If your want to use your user domain name to access OSS services through the HTTPS protocol, you must purchase a digital certificate. You can purchase certificate services from any certificate authority (CA) or purchase a certificate from Alibaba Cloud SSL Certificates Service and host your certificate on OSS.

Procedure

  • Alibaba Cloud CDN is not enabled

    After you Attach a custom domain name, follow these steps to host your certificate in the OSS console.

    1. Log on to the OSS console. In the left-side bucket list, click the bucket attached with the host name that you want to host your certificate.
    2. Click the Domain Names tab.
    3. Click Upload Certificate on the right of the domain name that you want to host your certificate.
    4. On the Upload Certificate page, enter the public key and private key in your certificate, and then click Upload.

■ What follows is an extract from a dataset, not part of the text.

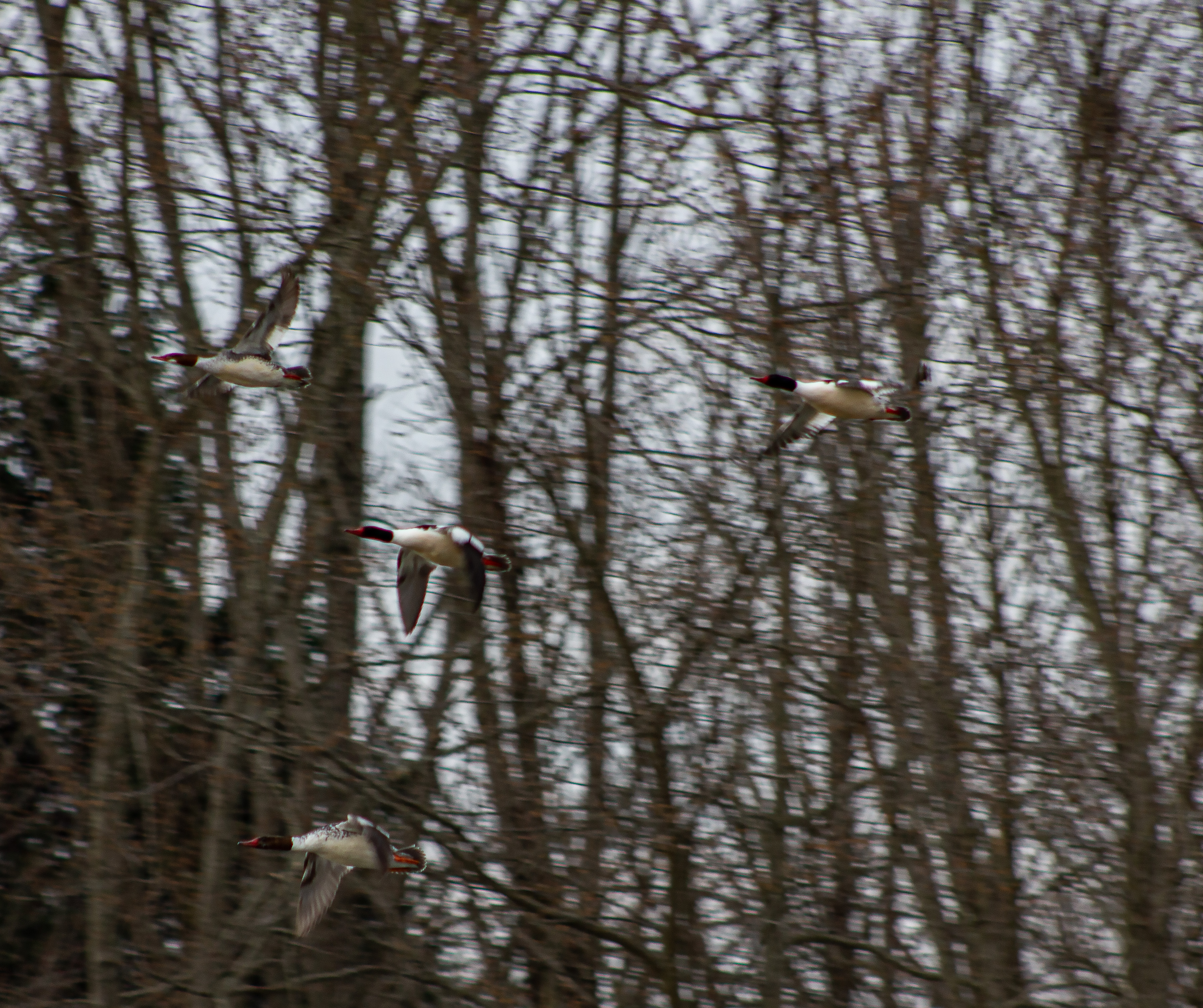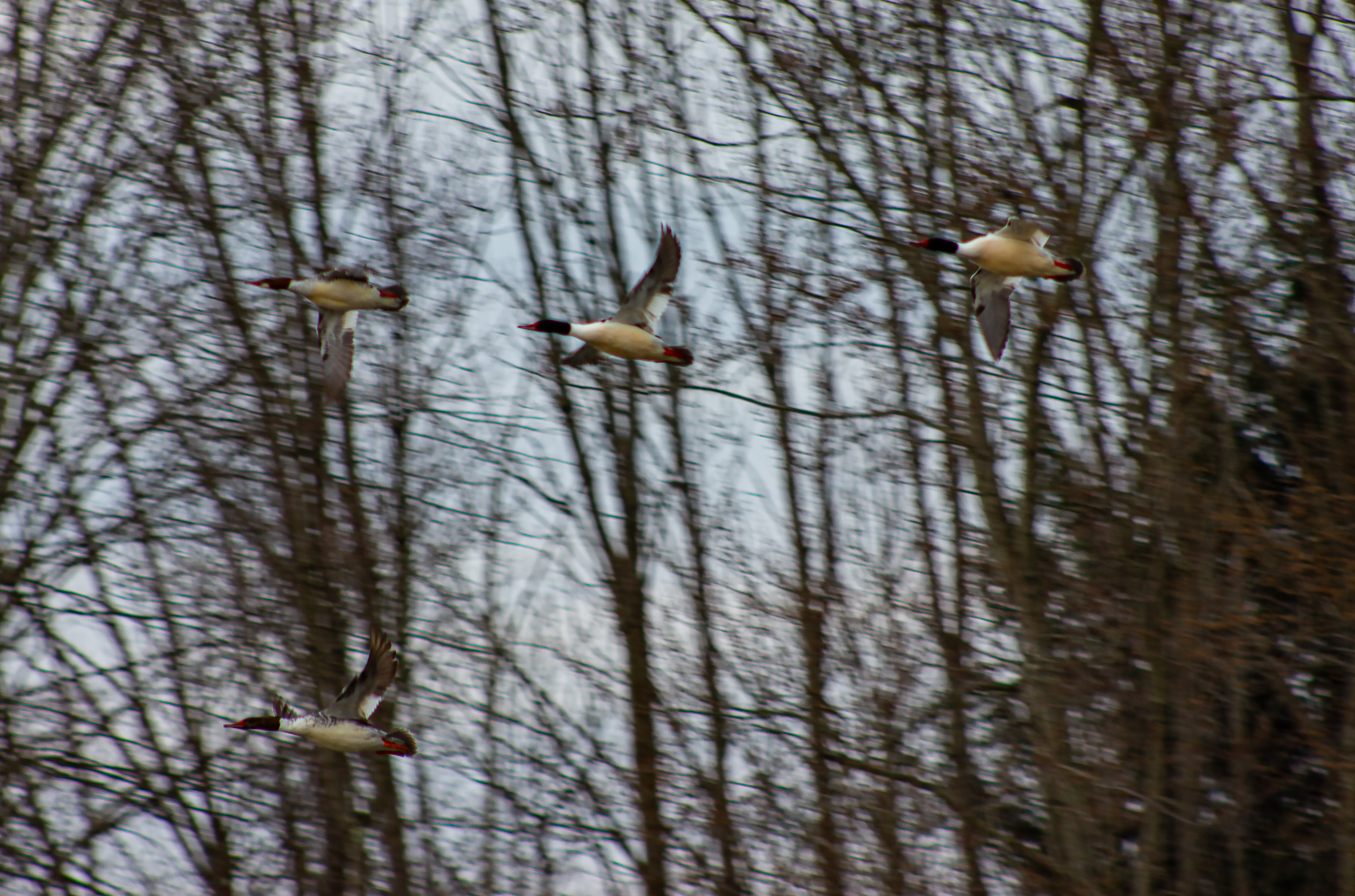 Migratory Patterns: Common Mergansers are migratory birds, moving from northern breeding grounds in summer to more southern areas during the winter. They tend to migrate in flocks, sometimes forming large, dense groups that make for dramatic sights in flight.
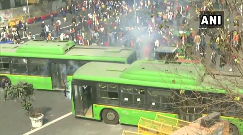 DTC bus vandalised by protesting farmers at ITO in central Delhi pic.twitter.com/ABxOkzlyjH

      Note You can select Show PEM Encoding Example to view public key and private key examples. For more information about the certificate format, see Certificate format.
  • Alibaba Cloud CDN is enabled

    After you Attach a CDN acceleration domain name, you can manage HTTPS certificates in the CDN console.

    1. Log on to the CDN console.
    2. Click Domain Names. Select the domain name that you want to host your certificate and click Manage.
    3. Click HTTPS configuration > Modify.

    4. In the HTTPS Settings dialog box, enable HTTPS HTTPS Secure .
    5. Select a certificate. You can select the following certificate types: Alicloud CertCustom, and Free Cert. Only the PEM certificate format is supported.

      • Alicloud Cert: Select your SSL certificate.
      • Custom: You must upload the certificate and the private key after configuring the certificate name. The uploaded certificate is stored in Alibaba Cloud SSL Certificates Service. You can view the certificate in SSL Certificates.
      • You can also select a free certificate, that is, a free Digicert DV SSL certificate provided by Alibaba Cloud. However, a free CDN certificate only applies to the HTTPS Secure Acceleration service of CDN. Therefore, you cannot configure a free certificate in the Alibaba Cloud SSL Certificates console and cannot view the public key and the private key of a free certificate. A free certificate takes up to 10 minutes to take effect.
    6. A purchased certificate takes about one hour to take effect. After the certificate takes effect, you can access OSS resources through the HTTPS protocol. If a green HTTPS mark is displayed, it indicates that the HTTPS Secure Acceleration service has taken effect.